> [What is being asked]
Go to the line with "小原 富士夫さんを姓名の画数から五運を鑑定" in the material below and copy from there through the line with "The first stop", exactly. Pictures are not copied.

──────── Provided material ────────

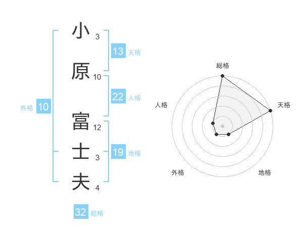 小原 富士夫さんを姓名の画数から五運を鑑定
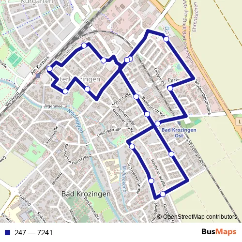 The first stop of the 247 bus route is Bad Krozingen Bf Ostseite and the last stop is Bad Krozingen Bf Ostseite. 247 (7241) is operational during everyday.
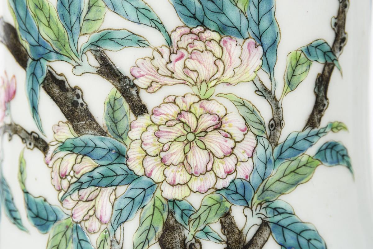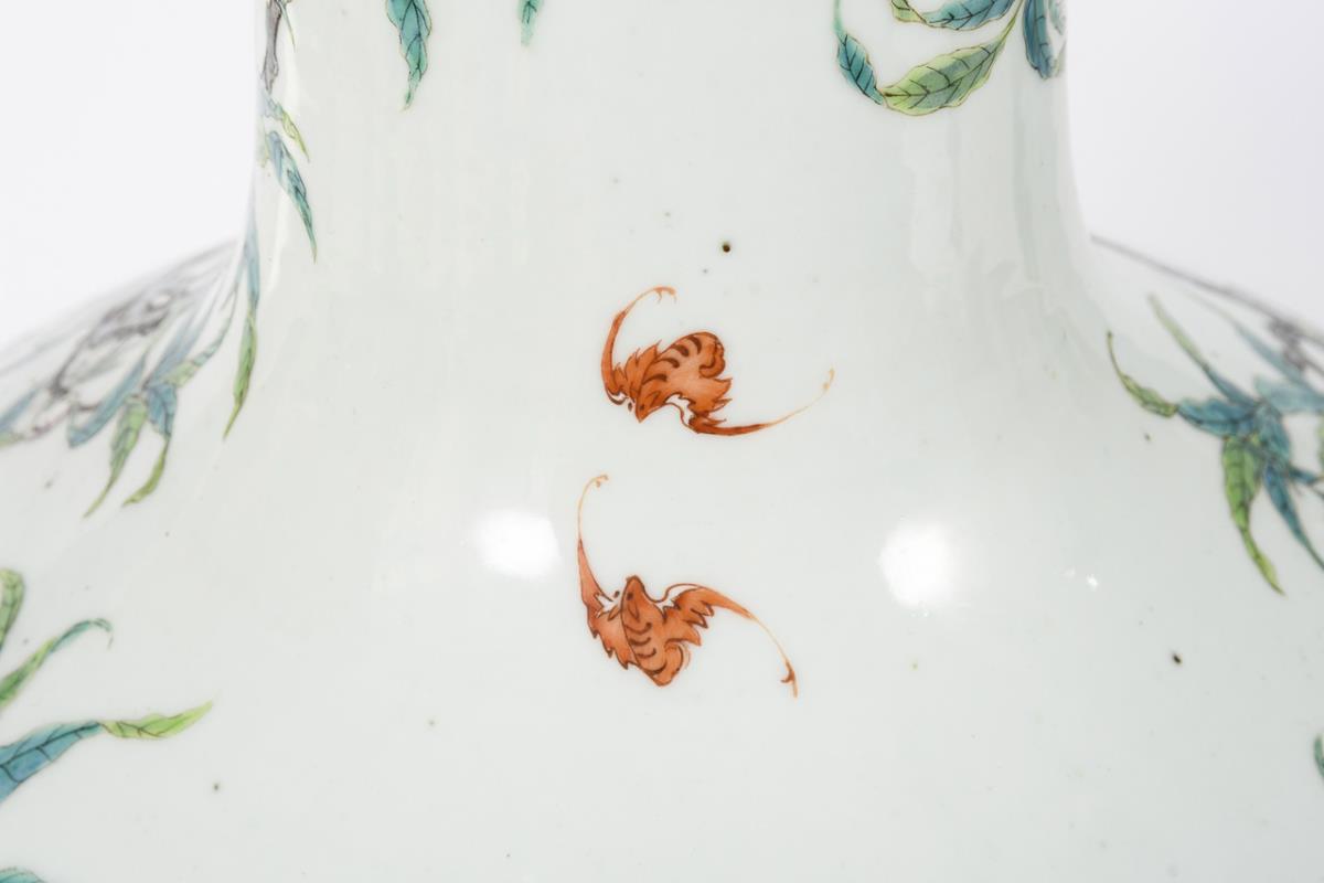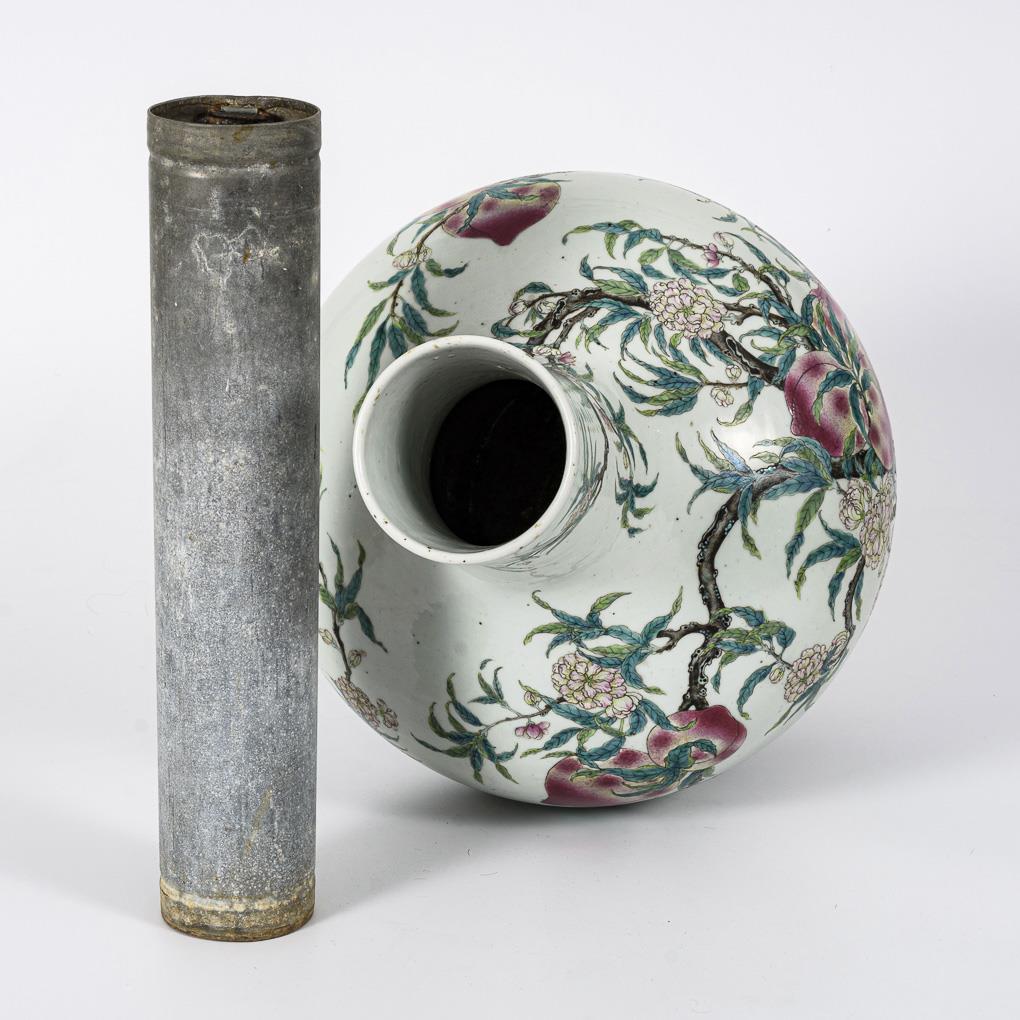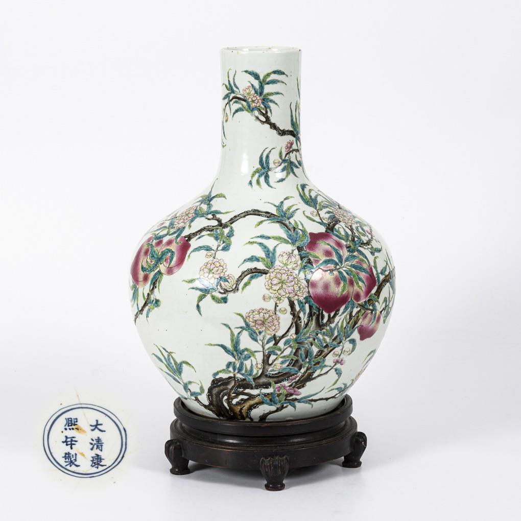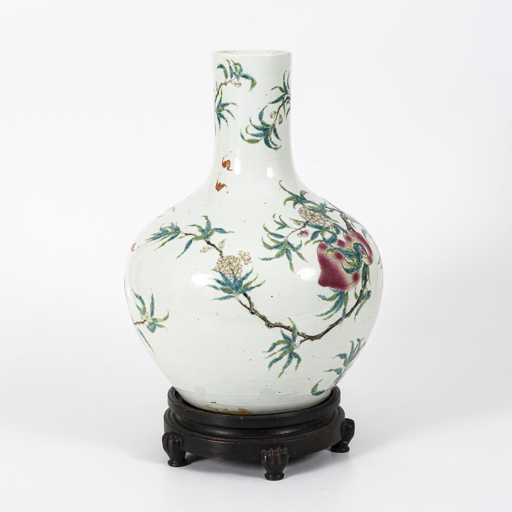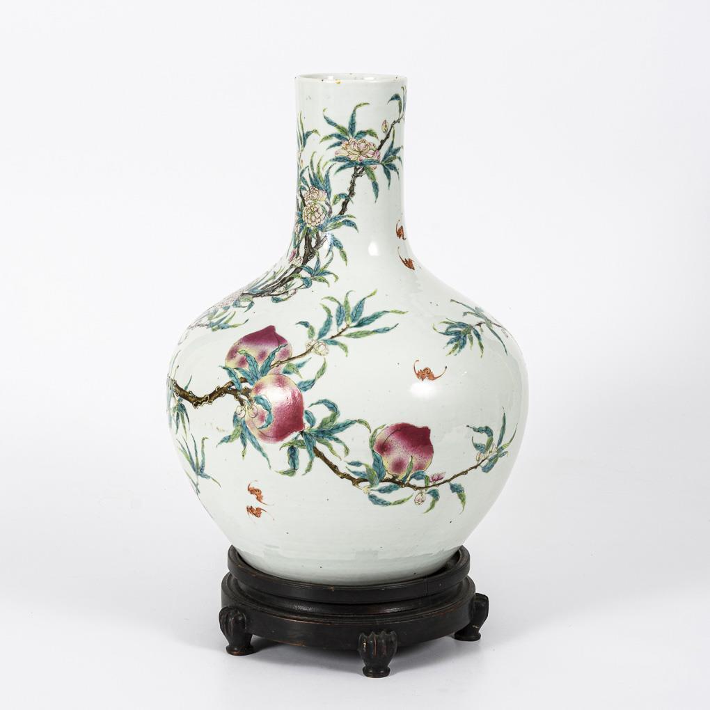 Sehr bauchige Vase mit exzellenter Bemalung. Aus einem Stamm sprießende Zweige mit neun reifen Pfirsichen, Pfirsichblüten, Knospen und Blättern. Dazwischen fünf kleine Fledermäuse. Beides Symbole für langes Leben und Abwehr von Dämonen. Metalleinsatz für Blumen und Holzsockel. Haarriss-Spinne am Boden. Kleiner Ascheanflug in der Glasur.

────────
──────── Provided material ────────

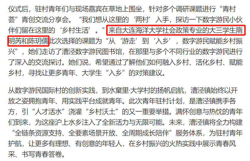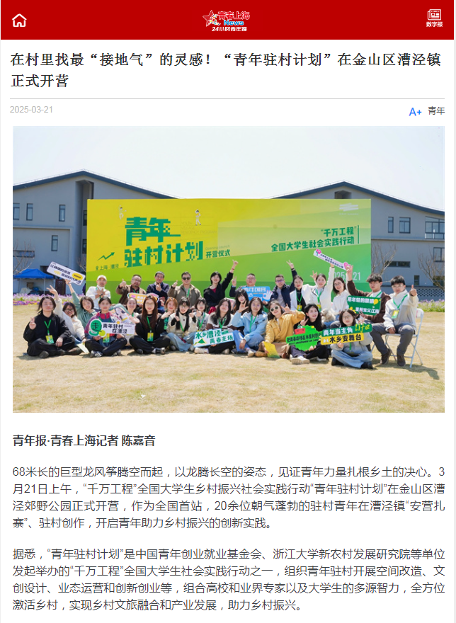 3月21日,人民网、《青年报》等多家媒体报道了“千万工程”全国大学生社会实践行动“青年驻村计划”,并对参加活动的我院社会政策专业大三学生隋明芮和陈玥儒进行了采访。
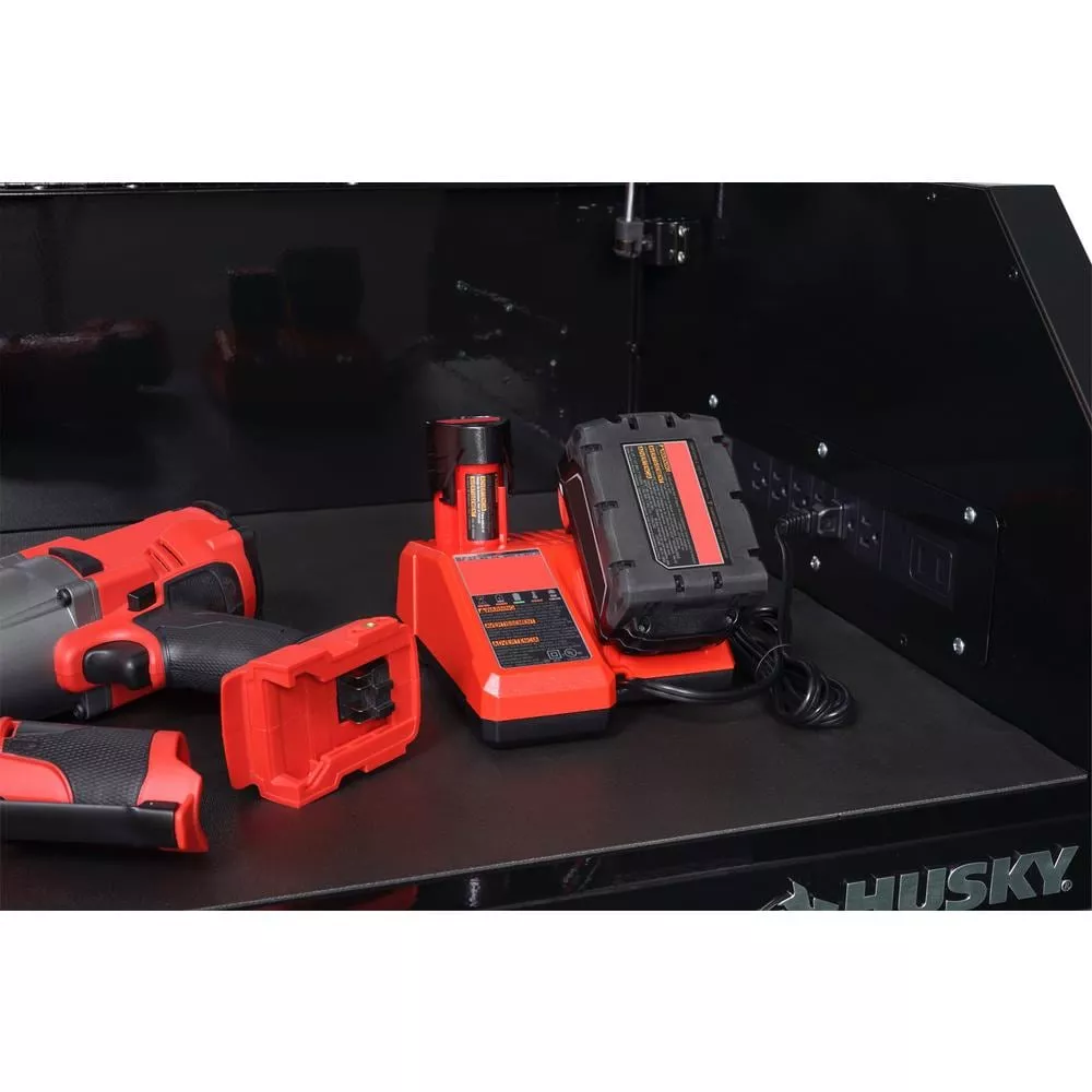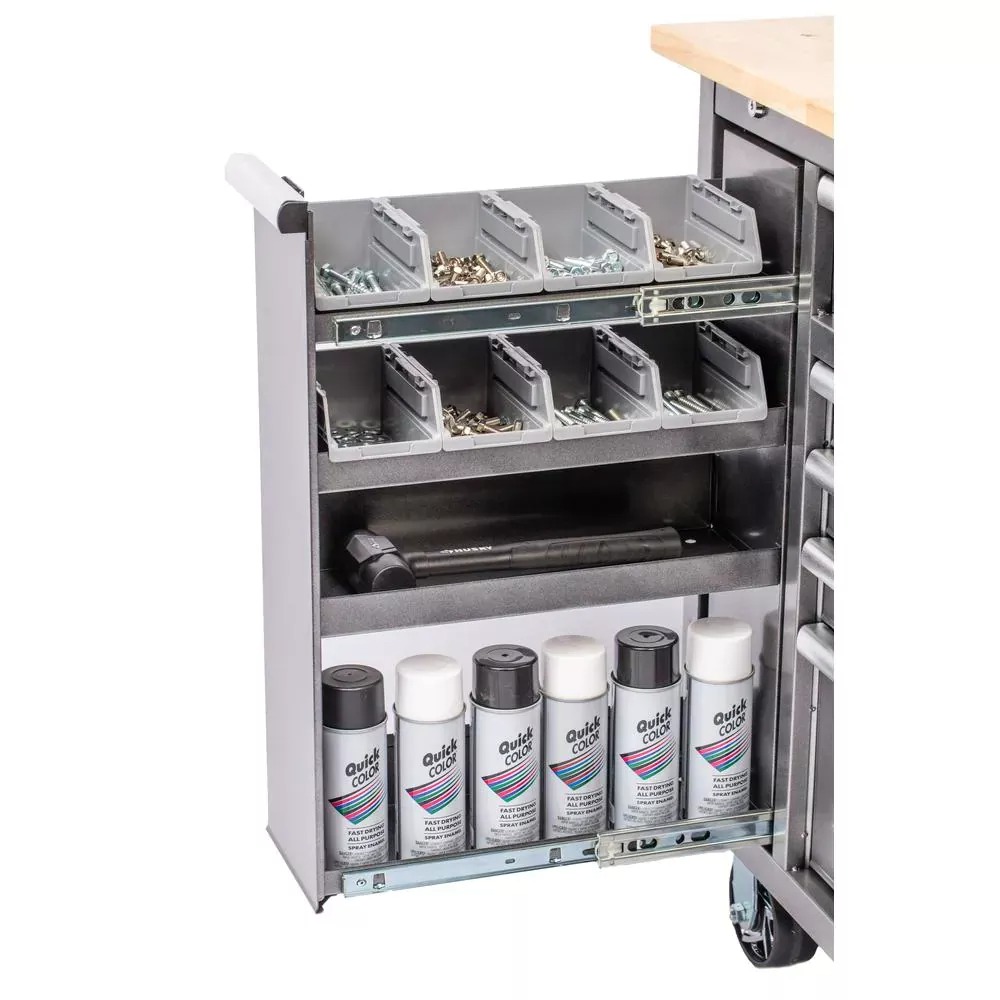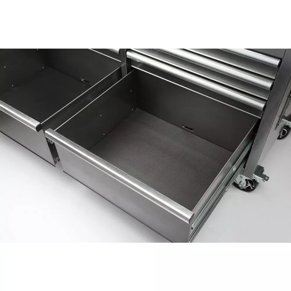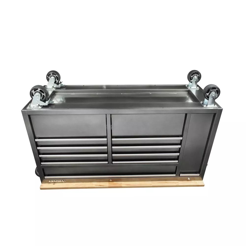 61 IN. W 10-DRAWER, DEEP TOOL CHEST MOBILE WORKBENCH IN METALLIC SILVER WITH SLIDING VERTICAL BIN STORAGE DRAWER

────────

> [Solved exercise]
 小原 富士夫さんを姓名の画数から五運を鑑定
 The first stop of the 247 bus route is Bad Krozingen Bf Ostseite and the last stop is Bad Krozingen Bf Ostseite. 247 (7241) is operational during everyday.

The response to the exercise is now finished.